Simulation could be a two-phase method. Throughout part one; ModelSim generates native code for your specific OS. Throughout part two, ModelSim runs the native code. You’ll gain the foremost correct performance statistics by activity the elaboration part and run part one by one. As mentioned below, you’ll use the –elab switch or the note command to live these 2 phases severally.

MODELSIM LIBRARY

A library could be a location wherever information to be used for simulation is keep. Libraries square measure ModelSim manner of managing the creation of information before it’s required to be used in simulation. It additionally is the way to contour simulation invocation. Rather than compilation all style information each and every time you simulate, ModelSim uses binary pre-compiled information from these libraries. So, if you create a change to one Verilog module, solely that module is recompiled, instead of all modules within the style.

 

 

 

 

 

 

 

 

 

 

 

 

 

BASIC SIMULATION FLOW

 

Fig 4.8 flow of basic simulation

This subsequent figure 4.8 gives fundamental steps for simulating the design in ModelSim. Simulation is nothing but logical verification, for verifying the functional logic ModelSim or Xilinx software is used. The basic simulation flow contains the first step is creating a working library after this files are compiled. After compilation functional verification is done then debugging.

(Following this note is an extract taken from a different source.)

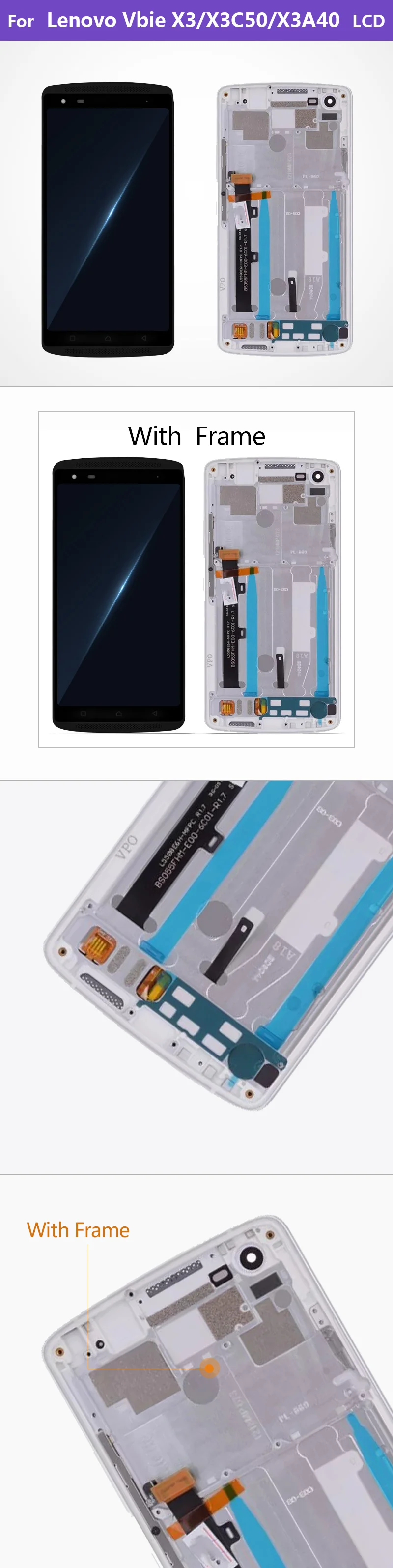 5.5" Original IPS For LENOVO Vibe X3 LCD Display Touch Screen with Frame For Lenovo x3 Display Replacement X3C50 X3C70 X3A40 LCD

CREATING THE OPERATING LIBRARY

In ModelSim, all styles are they VHDL, Verilog, or a mixture of the two, square measure compiled into a library. You usually begin a brand new simulation in ModelSim by making a operating library known as “work”. “Work” is that the library name utilized by the compiler because the default destination for compiled style units.

COMPILING YOUR STYLE

Once making the operating library, it can compile these style units into it. It is compatible to all platforms.  Simulate this style on any another platform while not having to compile again this style.

 

 

 

RUNNING THE SIMULATION

With the planning compiled, you invoke the machine on a top-ranking module. Forward the planning masses with success, the simulation time is about to zero, and you enter a run option to start simulation.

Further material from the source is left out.